**WHAT THE EXERCISE ASKS**
Starting with the line below that holds "Caracteristicas: Designed for" and stopping after the line that holds "Un grand mobil-home", transcribe the lines exactly, leaving out all pictures.

**DATA SHOWN**
Content starts

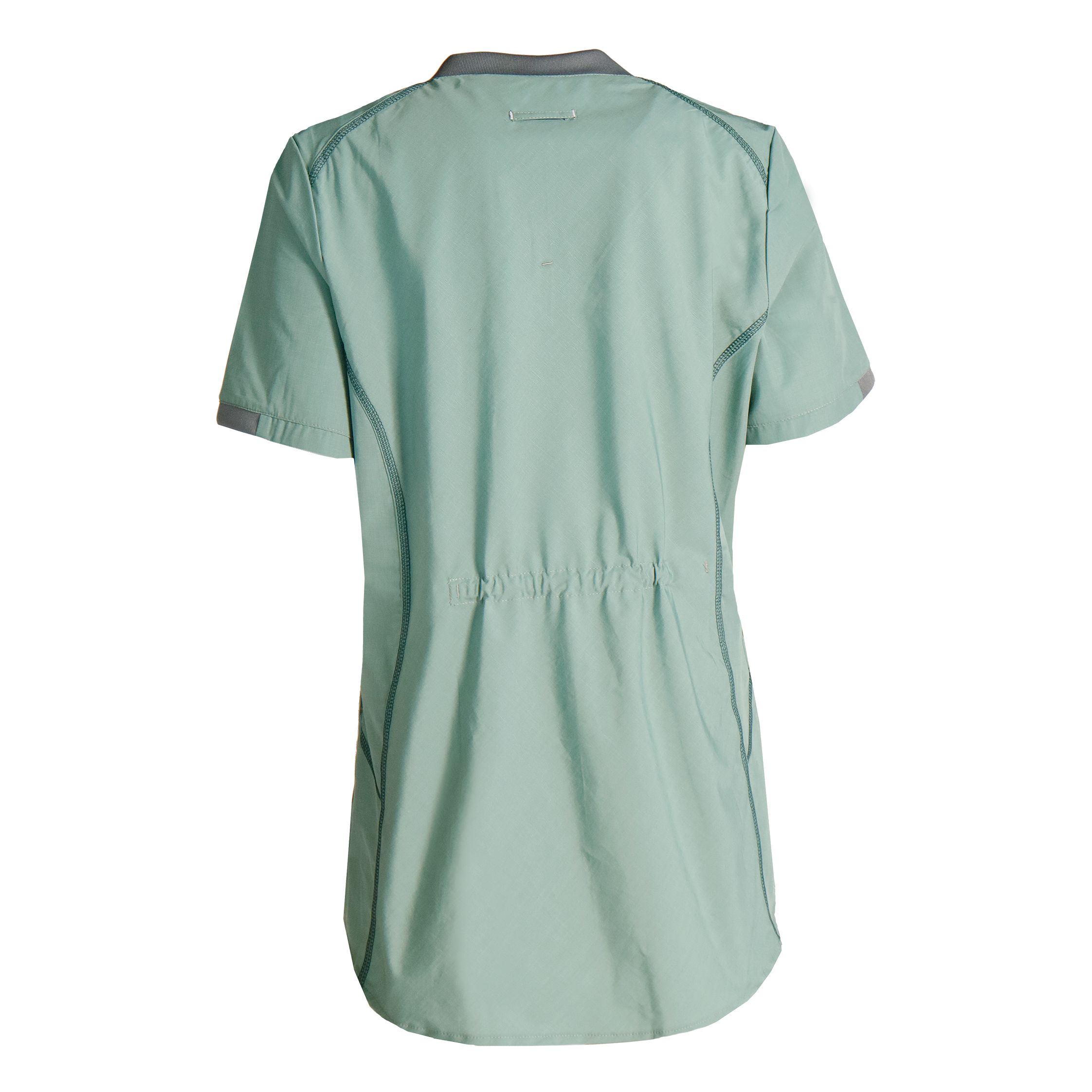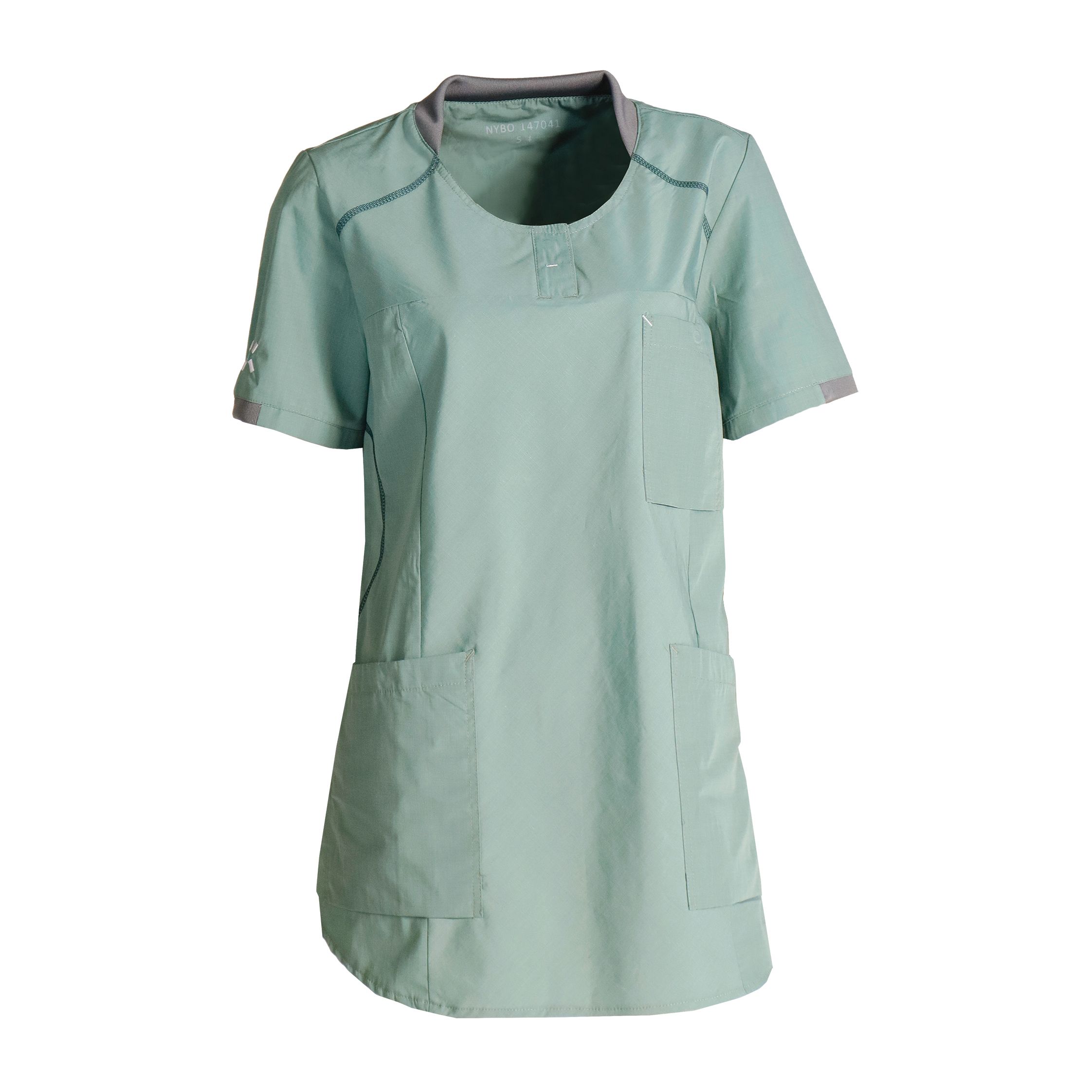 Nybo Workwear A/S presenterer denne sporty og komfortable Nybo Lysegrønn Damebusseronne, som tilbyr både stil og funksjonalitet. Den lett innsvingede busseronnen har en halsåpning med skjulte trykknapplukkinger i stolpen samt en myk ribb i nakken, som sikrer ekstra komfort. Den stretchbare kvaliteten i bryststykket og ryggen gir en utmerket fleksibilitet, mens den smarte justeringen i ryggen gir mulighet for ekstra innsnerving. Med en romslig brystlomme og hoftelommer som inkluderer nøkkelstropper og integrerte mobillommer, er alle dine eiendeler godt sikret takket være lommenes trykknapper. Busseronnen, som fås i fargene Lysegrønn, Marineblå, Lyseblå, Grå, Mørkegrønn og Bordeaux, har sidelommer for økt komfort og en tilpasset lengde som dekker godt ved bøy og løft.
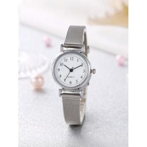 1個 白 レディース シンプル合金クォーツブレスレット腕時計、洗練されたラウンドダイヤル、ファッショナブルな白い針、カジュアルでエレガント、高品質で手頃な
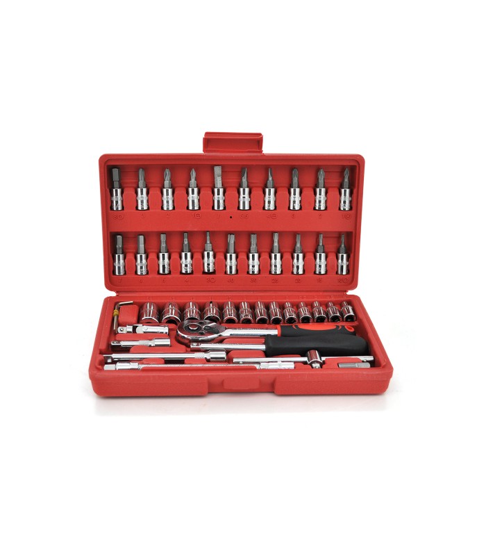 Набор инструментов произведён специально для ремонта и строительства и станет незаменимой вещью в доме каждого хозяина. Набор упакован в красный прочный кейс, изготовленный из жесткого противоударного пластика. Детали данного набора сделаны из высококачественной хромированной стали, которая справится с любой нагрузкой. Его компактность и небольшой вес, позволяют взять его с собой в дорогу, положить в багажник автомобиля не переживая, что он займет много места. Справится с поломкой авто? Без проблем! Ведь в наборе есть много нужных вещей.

Content ends
Content starts

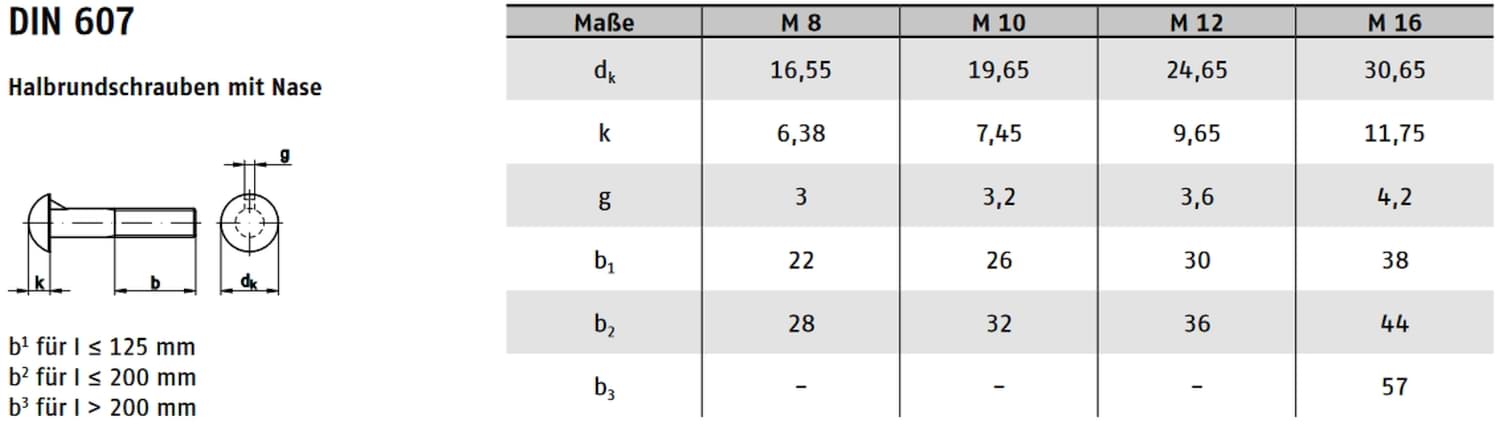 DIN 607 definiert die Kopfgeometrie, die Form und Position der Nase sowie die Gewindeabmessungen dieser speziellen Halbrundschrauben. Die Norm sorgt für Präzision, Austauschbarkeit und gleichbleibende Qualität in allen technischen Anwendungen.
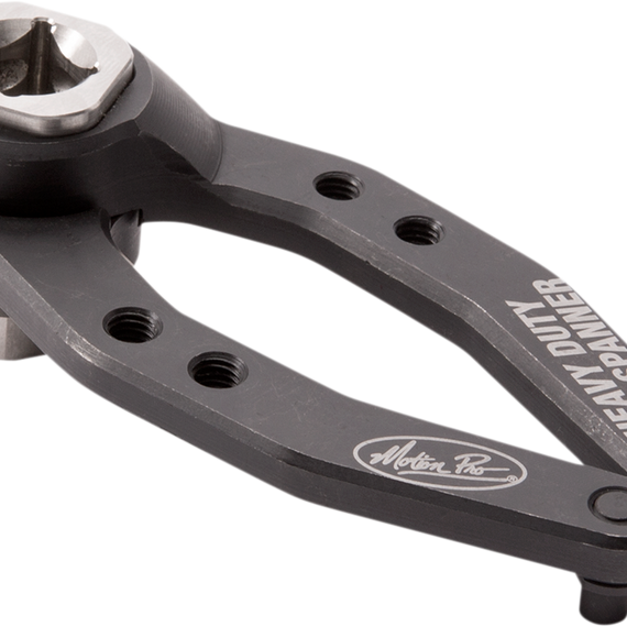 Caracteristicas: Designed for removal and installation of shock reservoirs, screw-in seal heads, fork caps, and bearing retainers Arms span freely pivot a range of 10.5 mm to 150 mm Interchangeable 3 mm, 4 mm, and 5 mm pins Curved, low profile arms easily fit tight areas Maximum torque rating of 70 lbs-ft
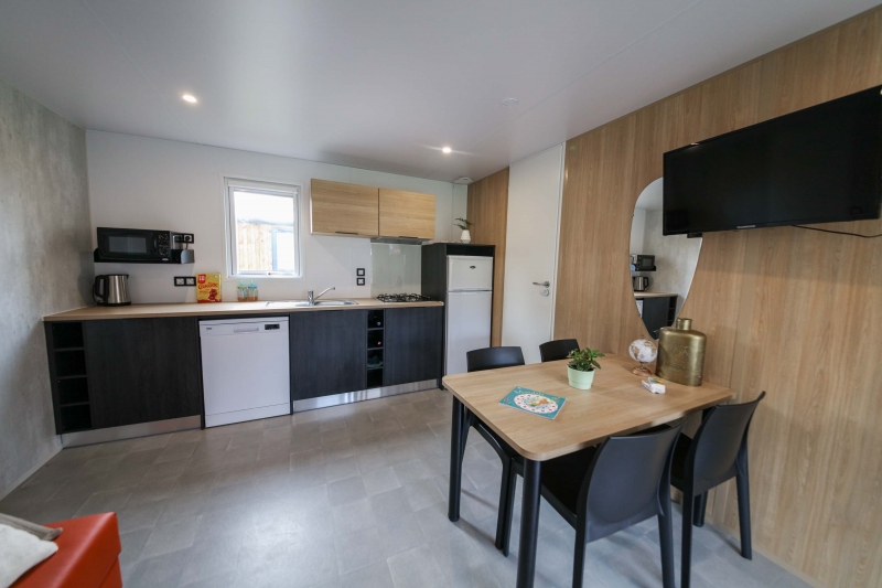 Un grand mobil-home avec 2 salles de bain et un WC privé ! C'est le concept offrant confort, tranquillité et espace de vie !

Content ends

**EXERCISE RESPONSE**
 Caracteristicas: Designed for removal and installation of shock reservoirs, screw-in seal heads, fork caps, and bearing retainers Arms span freely pivot a range of 10.5 mm to 150 mm Interchangeable 3 mm, 4 mm, and 5 mm pins Curved, low profile arms easily fit tight areas Maximum torque rating of 70 lbs-ft
 Un grand mobil-home avec 2 salles de bain et un WC privé ! C'est le concept offrant confort, tranquillité et espace de vie !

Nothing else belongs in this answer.